No one's arguing that Nintendo isn't within their rights to add in region-locking to their consoles. They're arguing that they should remove it because it's an intrusive, restrictive, anti-consumer policy.


----------



## deshayzilla (Jul 4, 2013)

I just say let us choose if we want to follow ratings systems! It's not like these ratings are even government organizations, they're basically private companies looking to make money off of video game sales by slapping some sort of sticker on every game. If I was a game company I would bypass those rating systems because they just suck money out of game companies. The ESRB is a buch of terrible money grubbing people.

No game publish should bow to those so called people. Nintendo surely shouldn't develop a region locking system based on game ratings in different regions. It is like saying private companies know better than the individual consumer. Let them take care of it instead of you. You're too busy going to work and driving your children to soccer practice to understand if your children should be playing certain games. 

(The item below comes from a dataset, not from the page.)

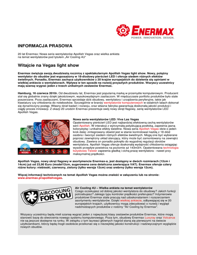 INFORMACJA PRASOWA 20 lat Enermax: Nowa seria wentylatorów Apollish Vegas oraz wielka ankieta na temat wentylatorów pod tytułem „Air Cooling 4U“ Witajcie na Vegas light show Enermax świętuje swoją dwudziestą rocznicę z spektakularnym Apollish Vegas light show. Nowy, potęŜny wentylator do obudów jest wyposaŜony w 18-diodowy pierścień LED i oferuje siedem róŜnych efektów świetlnych. Ponadto, Enermax zachęca uŜytkowników z 20 krajów europejskich do dzielenia się opiniami w wielkiej ankiecie o wentylatorach. Wpływa w ten sposób na rozwój przyszłych produktów. Wszyscy uczestnicy mają szansę wygrać jeden z trzech unikalnych zestawów Enermax. Hamburg, 16 czerwca 2010r. Od dwudziestu lat, Enermax jest popularną marką w przemyśle komputerowym. Producent stał się globalnie znany dzięki jakościowym, wysokowydajnym zasilaczom. W międzyczasie portfolio produktów było stale poszerzane. Poza zasilaczami, Enermax sprzedaje dziś obudowy, wentylatory i urządzenia peryferyjne, takie jak klawiatury czy chłodzenia do notebooków. Szczególnie w branŜy wentylatorów komputerowych w ostatnich latach dokonał się dynamiczyny postęp. Własny dział badań i rozwoju, oraz własna fabryka gwarantują doskonałą jakość produkcji i ciągły proces innowacji. Z okazji 20 urodzin Enermax prezentuje swój nowy okręt flagowy, serię wentylatorów LED Apollish Vegas. Nowa seria wentylatorów LED: Viva Las Vegas Opatentowany pierścień LED jest najbardziej efektowną cechą wentylatorów serii Apollish. W interakcji z wytrzymałą połyskującą powłoką, zapewnia jasną kolorystykę i unikalne efekty świetlne. Nowa seria Apollish Vegas idzie o jeden krok dalej: zintegrowany obwód jest w stanie kontrolować kaŜdą z 18 diód osobno i tworzyć siedem róŜnych efektów świetlnych. Mogą one być wybierane poprzez zewnętrzny układ sterujący, który moŜe być zamontowany na zewnątrz obudowy. Zawiera on ponadto pokrętło do wygodnej regulacji obrotów wentylatora. Apollish Vegas oferuje doskonałą wydajność chłodzenia osiągając wysoki przepływ powietrza na poziomie aŜ 143m3/h. Opatentowana technologia łoŜyskowa Twister zapewnia gładką i cichą pracę wentylatora - nawet przy maksymalnej prędkości. Apollish Vegas, nowy okręt flagowy w asortymencie Enermax-a, jest dostępny w dwóch rozmiarach (12cm i 14cm) juŜ od 23,90 Euro (model12cm, sugerowana cena detaliczna zawierająca VAT). Enermax oferuje cztery róŜne kolory: niebieski, czerwony, zielony (tylko wersja 12cm) oraz srebrny (tylko wersja 12cm). Więcej informacji technicznych na temat Apollish Vegas moŜna znaleźć w załączeniu lub na stronie: www.enermax.pl/apollishvegas. Air Cooling 4U – Wielka ankieta na temat wentylatorów Czego oczekujesz od dobrej jakości wentylatora do obudowy? Jakich funkcji potrzebujesz? Jakiego typu kontroler prędkości preferujesz? InŜynierowie produktowi Enermax stale pracują nad udoskonalaniem i rozszerzaniem asortymentu wentylatorów. Dzięki wielkiej ankiecie, odbywającej się w 20 europejskich krajach, uŜytkownicy mogą zdecydować o rozwój i wygląd nadchodzących produktów z rodziny "Air Cooling by Enermax". Wszyscy uczestnicy będą mieli szansę wygrać jeden z najwyŜszej klasy zestawów produktów Enermax, które mogą stanowić bazę do stworzenia nowego systemu komputerowego. Poza tym, obudowy Enermax Luxuray oraz Volcanus nie są jeszcze dostepne na rynku. W związku z tym laureaci głównych nagród staną się pierwszymi na świecie uŜytkownikami, którzy będą mogli osobiście przekonać się o niezwykłej jakości konstrukcji i nadzwyczajnym wyglądzie nowych obudów. 1 nagroda: Zestaw Enermax High-end o wartości 440 Euro, zawierający ATX Midi Tower Luxuray Zasilacz Modu87+ 700W 3x 12cm wentylatory Apollish Vegas Czarna klawiatura Acrylux Wireless (US) 2 nagroda: Zestaw Enermax Gaming 3 nagroda: Zestaw Enermax Office o wartości 360 Euro, zawierający o wartości 250 Euro, zawierający ATX Midi Tower Volcanus Zasilacz Modu82+ II 625W 3x 12cm wentylatory Apollish Vegas Czarna klawiatura Acrylux (US) ATX Midi Tower Staray Zasilacz LibertyECO II 400W 2x 12cm wentylatory Apollish Vegas Czarna klawiatura Acrylux (US) Nagrody 4 - 10: o łącznej wartości 170 Euro 1x 12cm wentylatory Apollish Vegas Więcej informacji: www.enermax.pl/aircooling4u. Ankieta trwa do 7 lipca 2010r., 23:59 godz. W celu otrzymania dodatkowych informacji lub produktów do przetestowania zapraszamy do kontaktu: Kontakt prasowy: Benjamin Schäfer Marketing | PR ENERMAX Deutschland Coolergiant Computers Handels GmbH Billbrookdeich 32 22113 Hamburg Telefon: +49-40-819957-23 Telefax: +49-40-819957-69 E-Mail: [email protected] URL: www.enermax.pl O Enermax: Enermax Technology Corporation została załoŜona na Tajwanie w 1990 roku. Jest producentem podzespołów PC, takich jak zasilacze, obudowy, systemy chłodzenia, klawiatury i akcesoria, o światowej renomie. Od prawie 20 lat odgrywa kluczową rolę jako innowator na rynku zasilaczy. Produkty Enermax-a są znane z nowoczesnej technologii, wysokiej jakości, doskonałej wydajności, unikalnego wzornictwa i niezrównanego bezpieczeństwa. Firma ma własne centrum badawczo-rozwojowe oraz dwie fabryki. Sześć filii i liczni partnerzy na całym świecie tworzą doskonałą sieć OEM/ODM i handlu detalicznego. Filia Enermax-a w Hamburgu koordynuje główne rynki europejskie. Coolergiant Computers Handels GmbH • Billbrookdeich 32 • 22113 Hamburg • Geschäftsführer: Yen-Wen Su • Handelsregister: HRB 87350 • Ust-ID Nr. DE813705542 • WEEE-Reg.-Nr. DE12381606

Do you really need the ESRB to inform you if your children should be playing Grand Theft Auto? Get real.


----------



## Zetta_x (Jul 4, 2013)

soulx said:


> No one's arguing that Nintendo isn't within their rights to add in region-locking to their consoles. They're arguing that they should remove it because it's an intrusive, restrictive, anti-consumer policy.


 
Well if we had a homebrew that had drm, wouldn't that be intrusive, restrictive and anti-consumer policy with respect to a different group of people?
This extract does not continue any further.